Smoke Detectors: The Dawn of a New Era
Smoke detectors are a part of fire safety that is sewn into the fabric of our daily lives. There is no commercial building or home that we enter now that does not have one. According to the National Fire Protection Association, the risk of death in fires that happen in the home are cut in half in homes that have a working smoke detector.
Smoke Detectors are an Accidental Fire Safety Invention
The smoke detector was actually created by accident by a Swiss scientist, Walter Jaeger. Jaeger was attempting to invent a device which could detect poison gas. The idea was that the gas would enter the alarm system, and alter an electrical current inside, thereby setting off the alarm.
However, when Jaeger tested the device, the gas did not alter the currents or trigger anything. Frustrated, he lit a cigarette and noticed that the smoke did register in his device. This was the beginning of what would later become the smoke detectors that we see everywhere.
Reinventing the Smoke Detector
Jaeger’s groundwork was improved upon by another Swiss scientist in 1939 by the name of Ernst Meili. Meili worked to improve the technology of Jaeger’s ionization detector (which is what tells your smoke detector to sound off) in order to detect combustible gasses in mines.
What really set Meili’s innovations apart was the creation of a cold-cathode tube. A cathode, in the most basic sense, is part of what allows devices to pass electricity through it. Meili’s cold-cathode tube helped to amplify the signal made by a smoke alarm’s detection mechanism to a point where it triggers the alarm. So basically, Meili helped to invent an alarm that was more sensitive to the particles that triggered it, making it more effective.
Types of Smoke Detectors
People might not realize that there is actually more than one type of smoke detector that we come in contact with frequently. The types commonly found in residential homes are Ionization and Photoelectric detectors.
Ionization Smoke Detectors
Ionization smoke detectors use an extremely small (and entirely harmless, according to the Nuclear Regulatory Commision) dose of radiation to create a flow of electrically charged particles in the device. If smoke enters the detector, it disrupts this flow, and when sensors see this disruption, it triggers the alarm to sound. Ionization detectors are cheaper to build than the other common type, Photoelectric detectors, and are more prevalently found.
However, Ionization detectors have a higher rate of false alarms triggered by non-life threatening events like cooking and using the shower. It should be stated, though, that Ionization smoke alarms do a better job of detecting fires in the flaming stage.
A Photoelectric smoke alarm uses a beam of light inside the device to detect smoke. When smoke enters the device and disrupts the beam of light being emitted, it sets off the alarm and lets you know it’s time for action. Photoelectric detectors are generally better at sensing a smoldering fire.
Spreading Like Wildfire
While the first smoke detectors were created decades earlier, they were not sold in the United State until the 1950s. These smoke detectors were only found in commercial settings because of their immense size and the cost associated with them. The technology simply wasn’t there to make them readily available to the public.

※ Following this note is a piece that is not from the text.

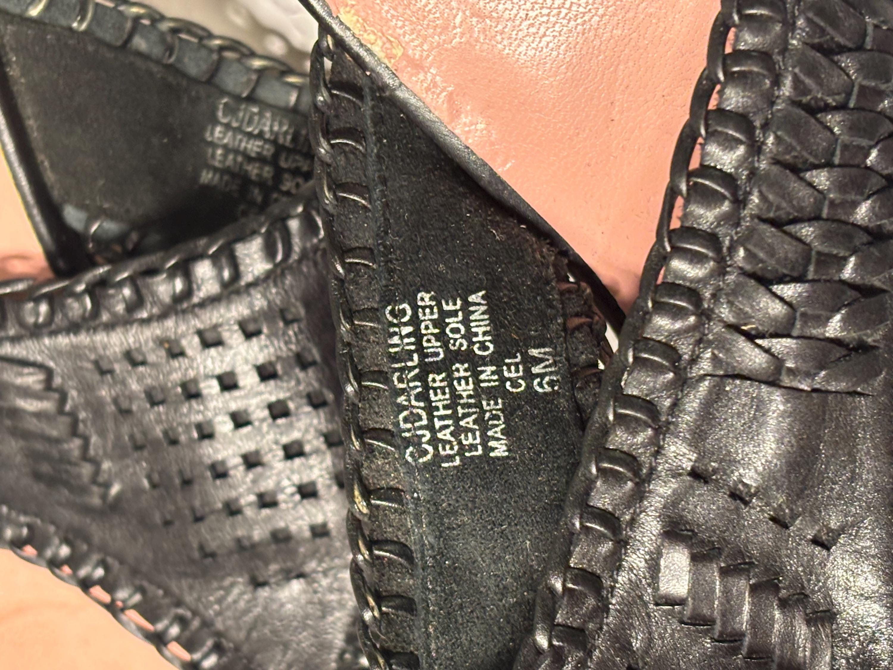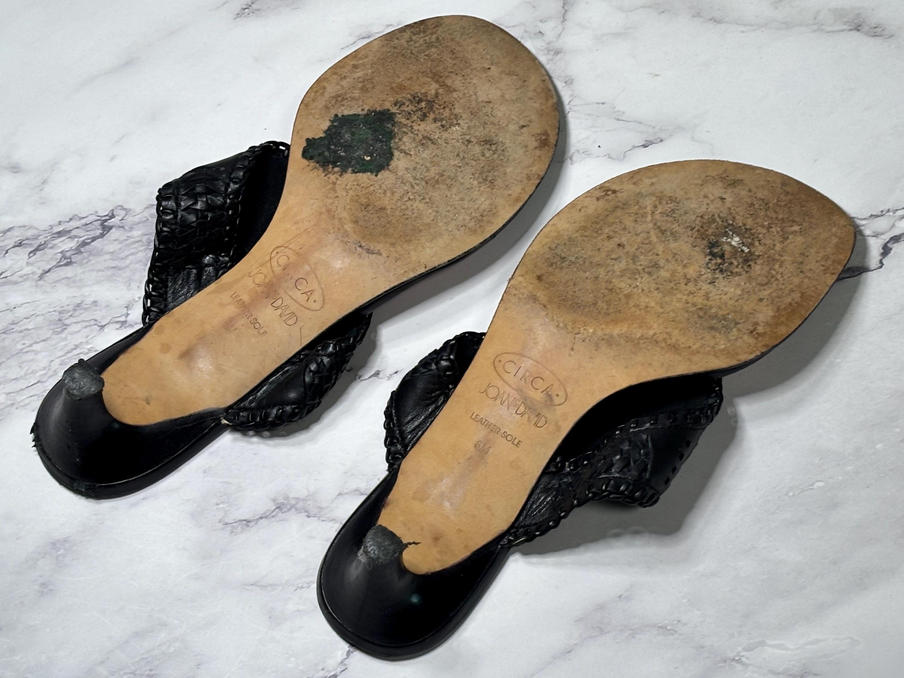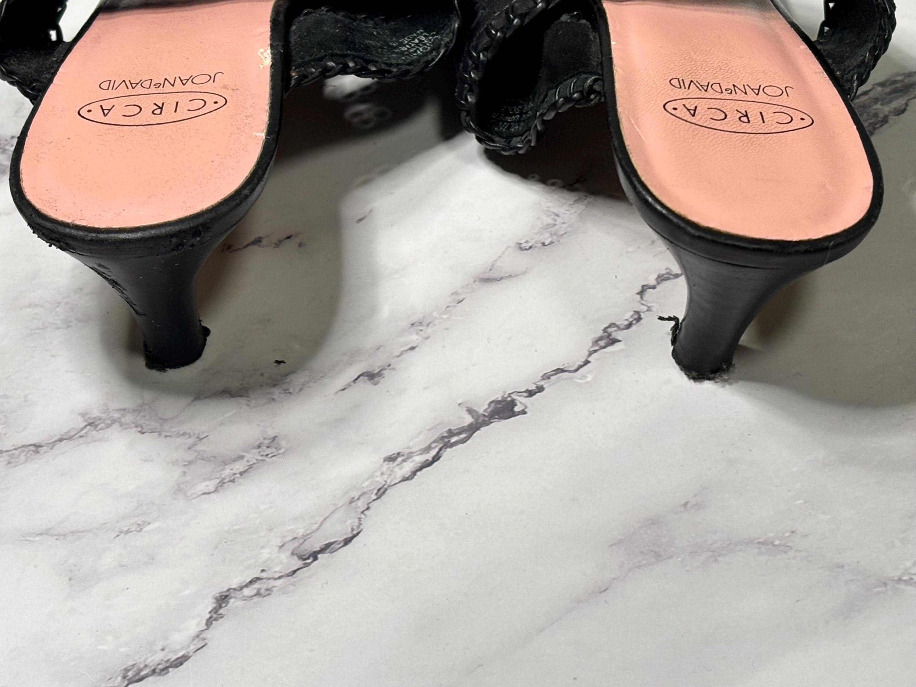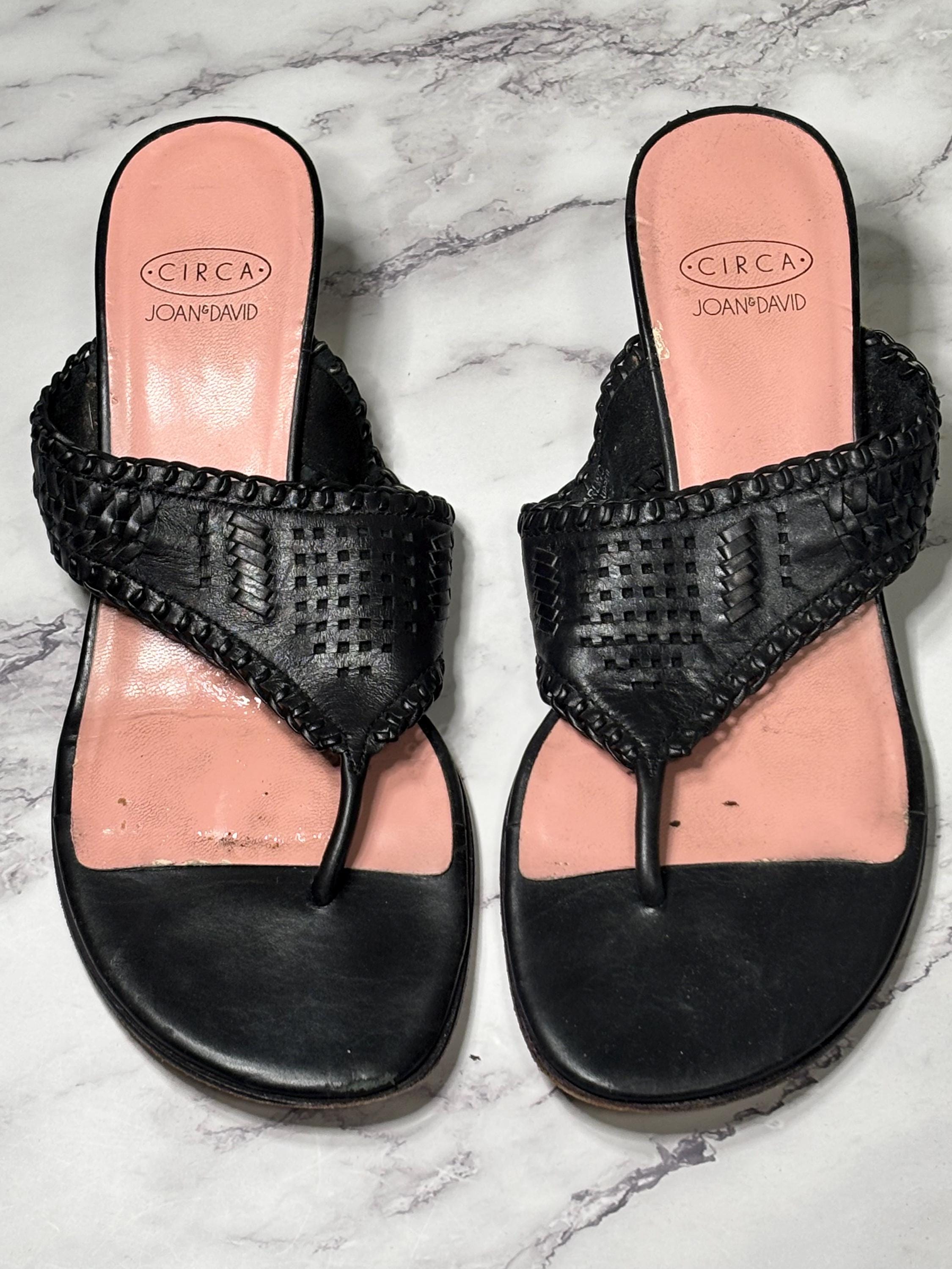 VISIT jaxinabox.com FOR ALL OUR LISTINGS!Circa Joan & David Black Pink Block Heel Flip Flops Patent Leather Sole 6M

But by 1970, the first “single station” detectors (the kinds we see in our homes now) were ready to be sold to the public. These first models sold to the public were the ionization detectors. The detectors were battery operated, and more or less indistinguishable from the Ionization detectors we see today.
Commercial Use of Smoke Detectors
Smoke detectors in a commercial setting are often set up using a fire alarm system where all of the alarms are connected together via a fire alarm control panel. It’s basically a large, interconnected system so that all smoke detectors and alarms can be triggered simultaneously.

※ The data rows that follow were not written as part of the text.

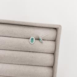 Brinco zircônia oval acqua detalhe torcido 10mm | Mya Prata
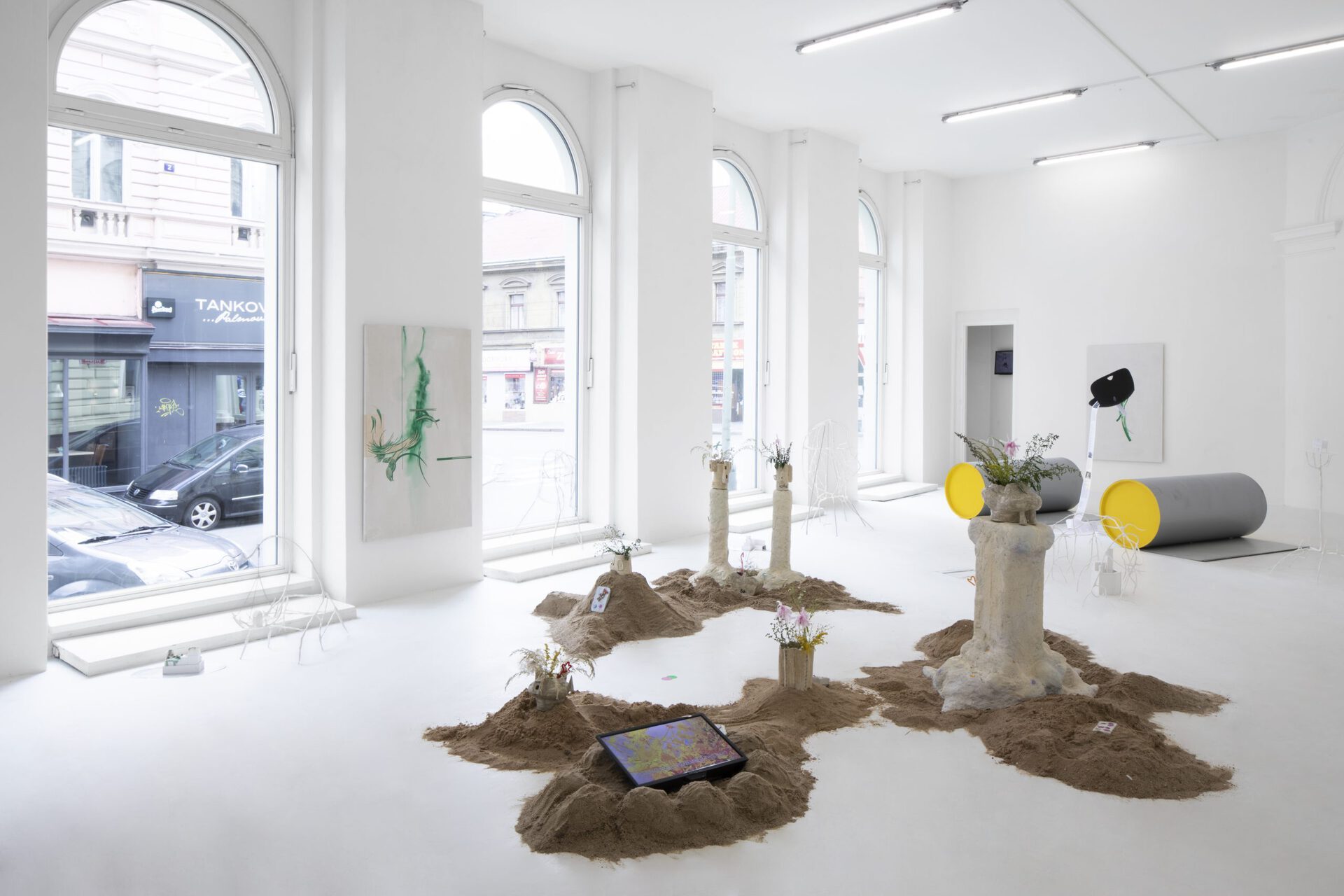 Anna Bochkova, Olga Krykun, Barbora Lepší, Demi Glace The name of the show was taken from the song called This Mess We’re In by PJ Harvey but other than that, the show and the song have almost no connections. We found ourselves alone in a city where the sunset orders an end of another day. We’re in a situation where we lost all our connections to what was supposed to be. Like in the song a person calls “Don’t ever change now” but we all probably know that change is irreversible. The preparations of This Mess We’re In started more than a year ago with an open call where we chose the artists based on our common interests, topics and connections. But now after a year the only connection that still holds us together is a collective memory of what used to be. A memory related to body and structures. Personal memories and personal statements. An irony of What we did and What happened. In This Mess We’re In you will be like a helicopter flying between the skyscrapers across New York looking from high above. Going from one memory zone to another. Into the structure of thought and the architecture of a memories.Text
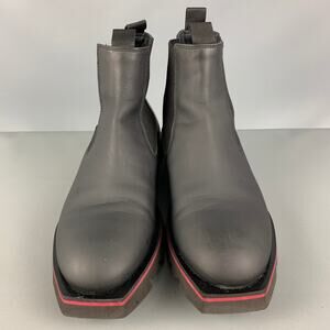 NOSTRASANTISSIMA boots comes in a black leather featuring a chelsea style and hiking sole style. Made in Italy.
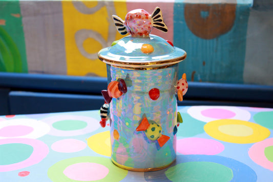 New Shape Large Rose Studded Mug in Iridescent White with Gold Dots and Lady Gaga Handle
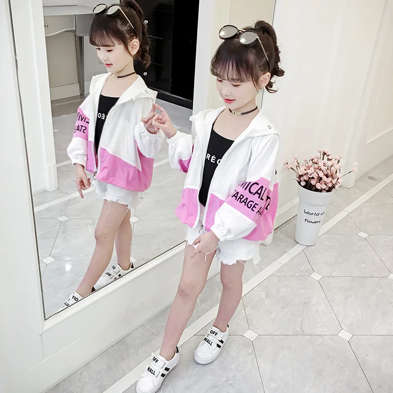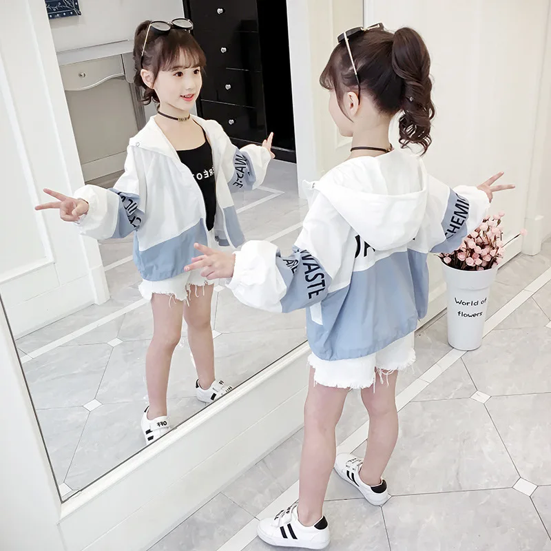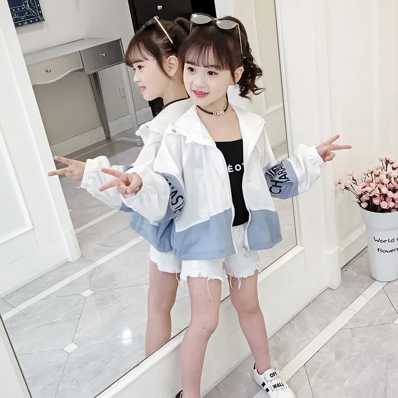 Ветровка детская с капюшоном и длинным рукавом, Пляжная Праздничная куртка для девочек и подростков, Солнцезащитная верхняя одежда, пальто, одежда для весны и лета

Check out this Youtube video that goes over some of the basic functions of a fire alarm system.
Smoke Detectors for Domestic Use
Domestic smoke detectors are typically battery powered and operate individually. For this reason, it is recommended by the NFPA that you place smoke detectors inside and outside of all sleeping areas in your home, and on every level of your home. This will ensure that your alarms are heard and that everyone in your home can respond responsibly.
There are also innovations happening all the time in the world of smoke detectors and fire safety. Check out this news report about fire alarms that will catch your kids’ attention.

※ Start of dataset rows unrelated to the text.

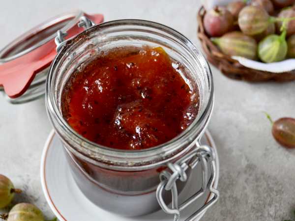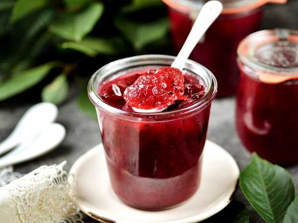 Баночки к этому времени должны быть промыты и простерилизованы, а крышки прокипячены в течение 5 минут. Горячий конфитюр перелейте в горячие баночки.
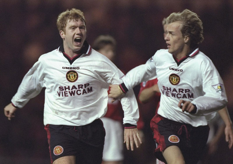 このシーズンはホームキットの印象が強すぎて、このアウェイキットは存在感がちょっと薄かった。デザインはシンプルで斜めのシャドーストライプを施している。ポール・スコールズとともに喜んでいるのは、ジョルディ・クライフ。
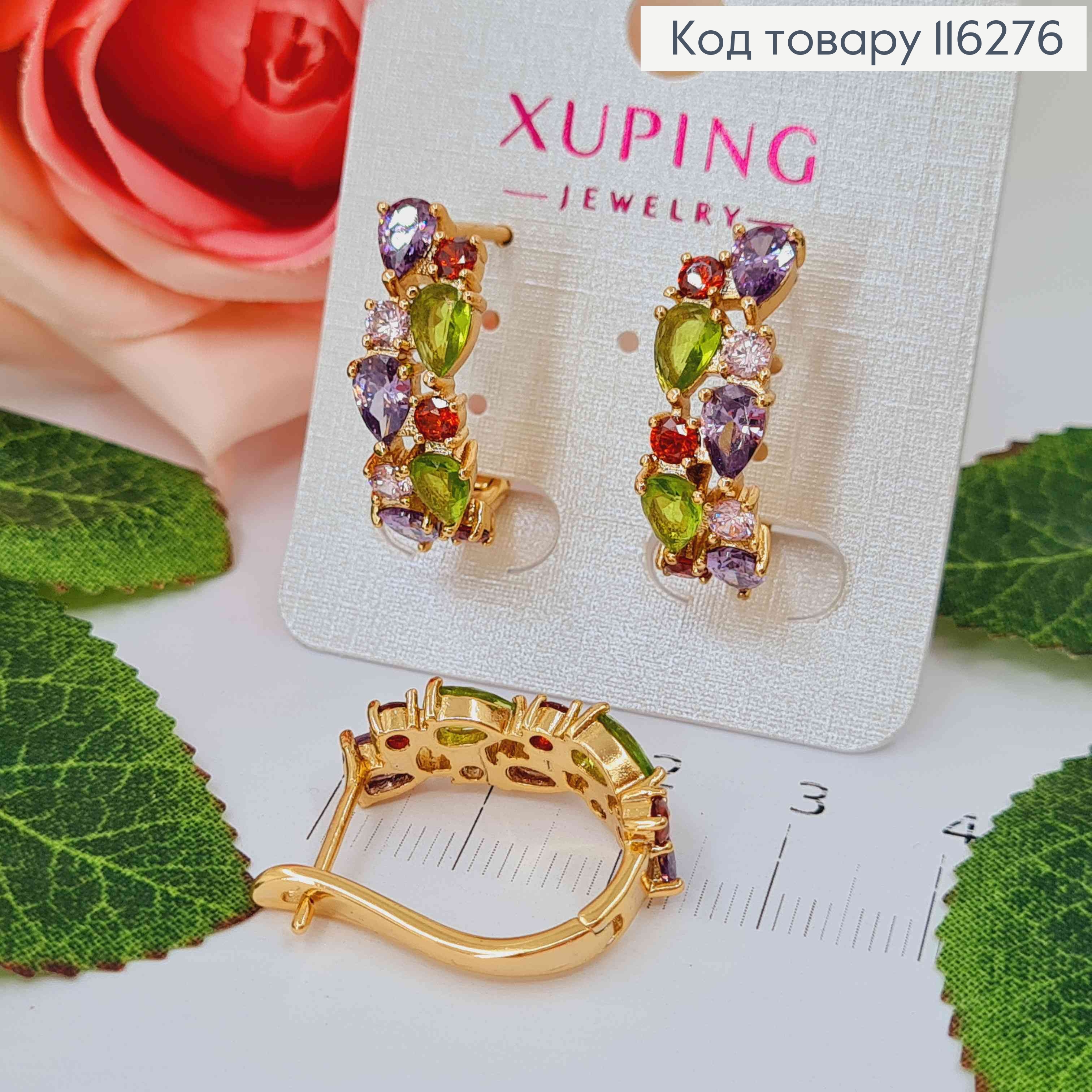 Серьги "Вдохновение" с цветными камешками(темными) 2,3см, англ. зам. Xuping 18К

Safety and Smoke Detectors
It is recommended by the NFPA to use both Photoelectric and Ionization detectors in your home. You can even get dual sensor systems now, which utilize both methods of detection to make sure that your home is safe from smoke and fire at all stages.
Fire safety is an important part of anyone’s life, and that means maintaining your smoke detectors as well, so follow these tips from our old buddies at the NFPA:
- Test your detectors once every month using the test button
- Replace the batteries in your detector regularly, and if you hear it chirping, replace it right away
- Always maintain your detectors according to the manufacturer’s instructions
- And most importantly, make sure your family knows how to respond when they hear that alarm!
Wrapping Up Our Quick History Lesson on Smoke Detectors
So there’s our quick rundown on the history of smoke detectors, where they came from, and how we use them now. Smoke detectors and fire safety are no joke, so make sure you always know that yours are working correctly!
And most importantly, talk to your children about how to respond to fire alarms, and the importance of the proper use of smoke detectors so they don’t end up like the Radioactive Boyscout.